Government Can Determine Location of Cell Phones without Telco Help

Interesting:

Triggerfish, also known as cell-site simulators or digital analyzers, are nothing new: the technology was used in the 1990s to hunt down renowned hacker Kevin Mitnick. By posing as a cell tower, triggerfish trick nearby cell phones into transmitting their serial numbers, phone numbers, and other data to law enforcement. Most previous descriptions of the technology, however, suggested that because of range limitations, triggerfish were only useful for zeroing in on a phone's precise location once cooperative cell providers had given a general location.

This summer, however, the American Civil Liberties Union and Electronic Frontier Foundation sued the Justice Department, seeking documents related to the FBI's cell-phone tracking practices. Since August, they've received a stream of documents—the most recent batch on November 6—that were posted on the Internet last week.
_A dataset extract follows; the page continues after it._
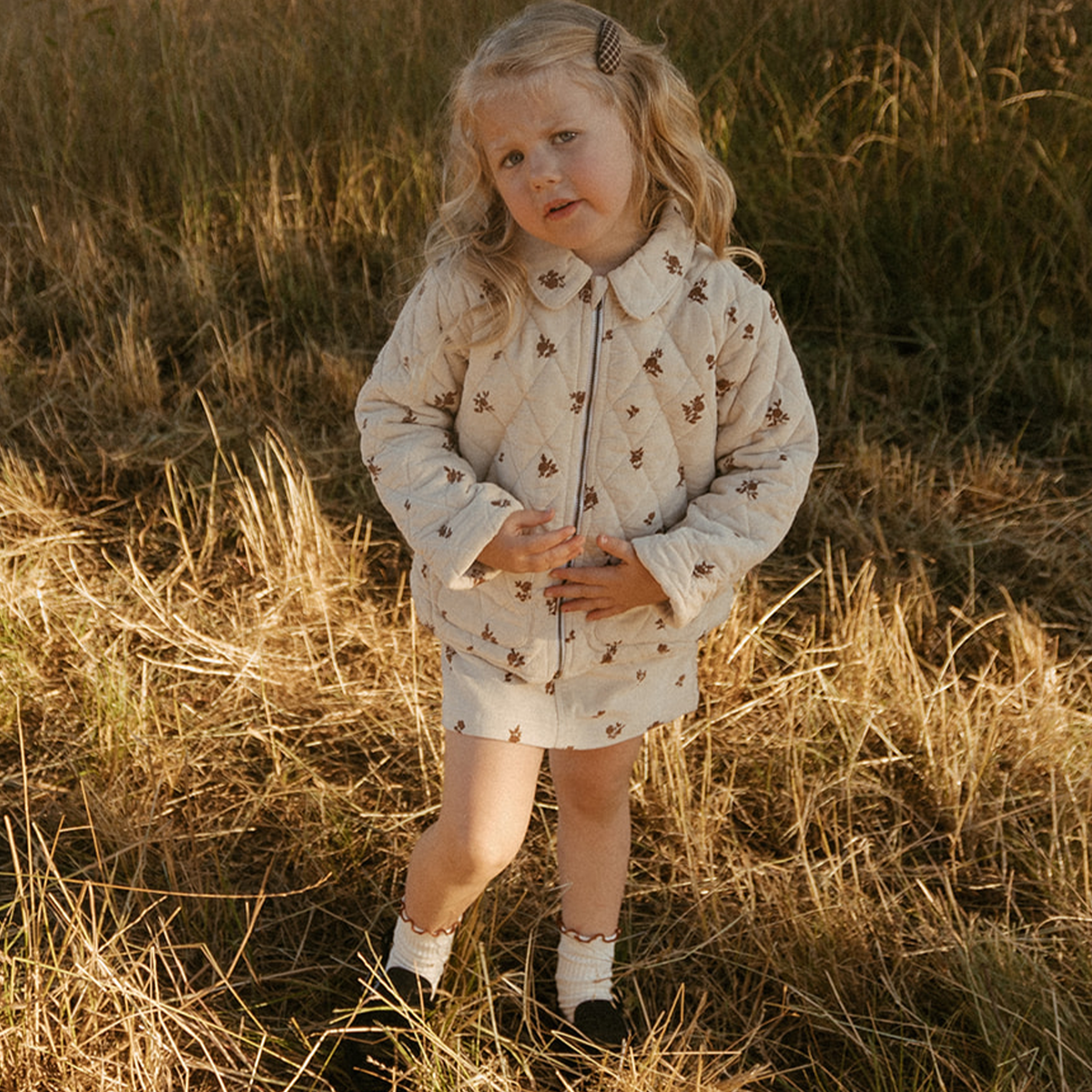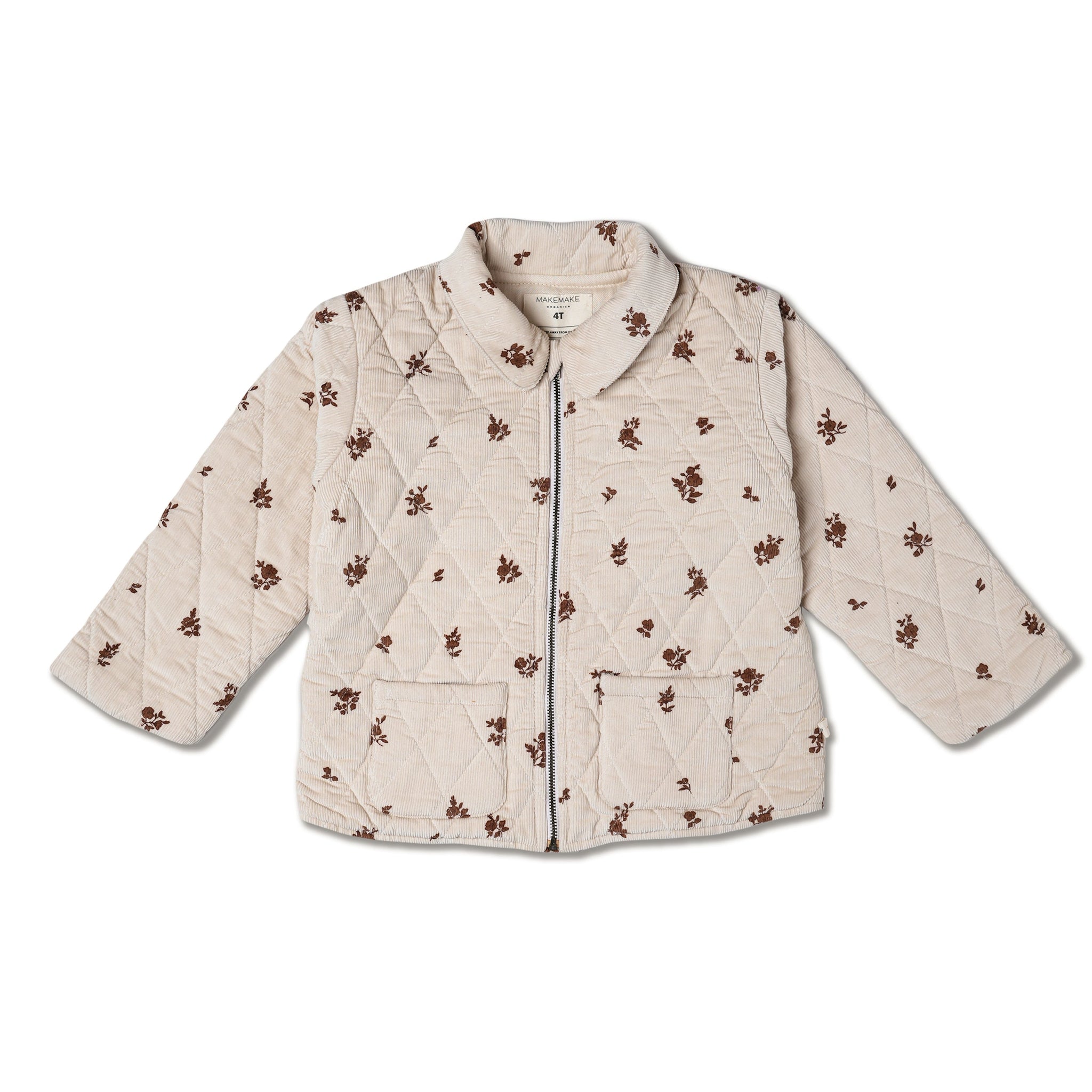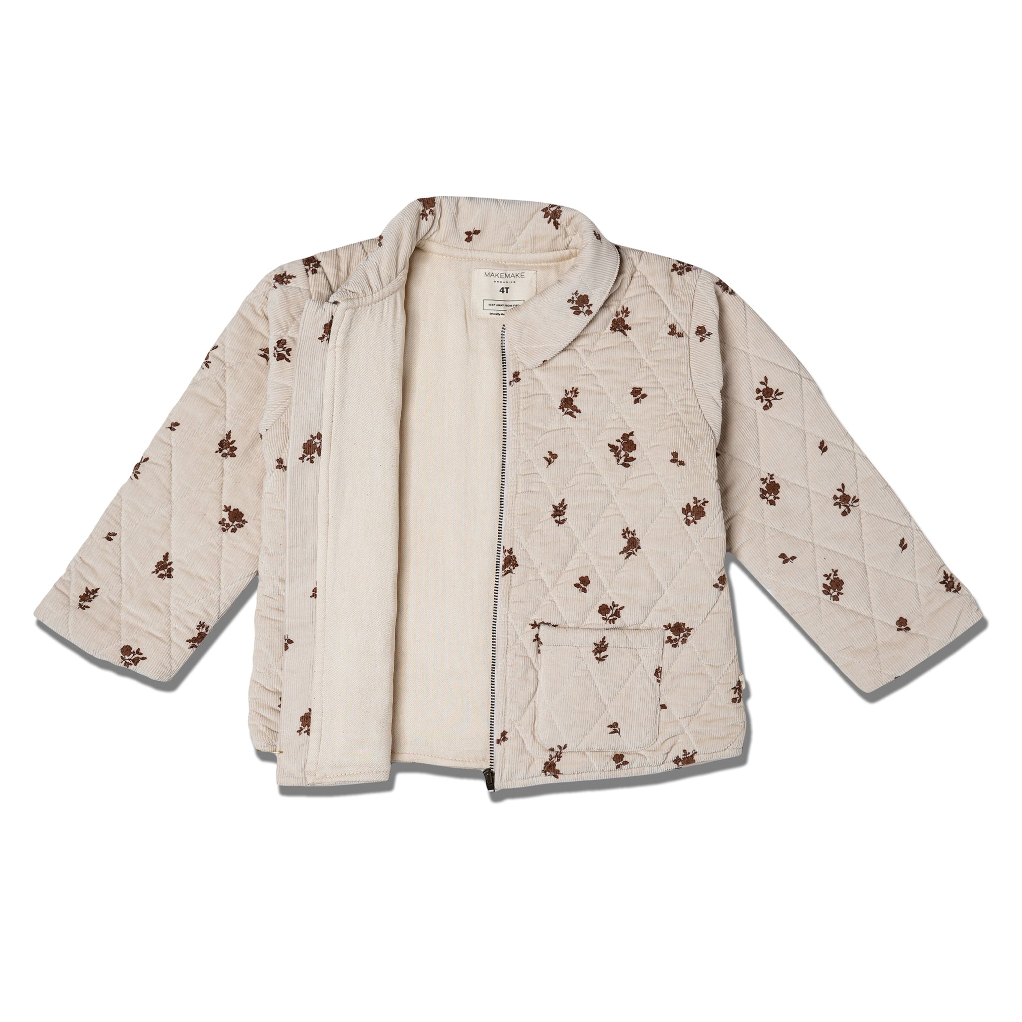 Organic Quilted Corduroy Zipper Jacket - Brown Floral

In a post on the progressive blog Daily Kos, ACLU spokesperson Rachel Myers drew attention to language in several of those documents implying that triggerfish have broader application than previously believed.

Posted on November 26, 2008 at 6:06 AM • 33 Comments

Comments

TimNovember 26, 2008 6:54 AM

Cool, where can I get one? :-P

Does this work with GSM? And aren't communications between cell towers done using cables of some kind?

DavidNovember 26, 2008 7:44 AM

I attended a luncheon late this summer where one of the topics of conversation involved "a cellular tower on a laptop" being demo'd at burningman this year, I presume some asterisk-derived code and drivers for radio transmitters, responders.

I was a bit unnerved, though the coolness of the hack wasn't lost on me. But when anyone with $5k worth of equipment can *be* your cellular provider, you can probably count your own government spying on you among the least of your worries.

Just LookingNovember 26, 2008 7:45 AM

A better question is does the phone also send GPS information even when disabled in the setup menu. Since this information is always sent on 911 calls I'm guessing it does.

gregNovember 26, 2008 8:04 AM

So what phones really have a GPS recivier in them? I mean is a law or something in the US.

I know that there are some tricks you can do with cell networks to find the location quite accurately, but this needs extra software.....

PhillipNovember 26, 2008 8:39 AM

@grep

Please tell Apple how. My Original iPhone can only get within a .5 radius when it's lucky. Hardly what I'd call "accurate".

Clive RobinsonNovember 26, 2008 8:54 AM

Most of this is actualy quite old news, have a hunt around for nano/pico GSM cells to get the idea of what is available in terms of normal functionality.

Then have a hunt through things like the ISDN and SS7 specs to see what other functionality (such as remotly turning on a microphone) is also effectivly built in.

The ability to find a (an old analoge) Cell Phone to within a few meters was developed independantly in the UK back in the 1980's, as far as I am aware it has been updated as new technology has come along ever since.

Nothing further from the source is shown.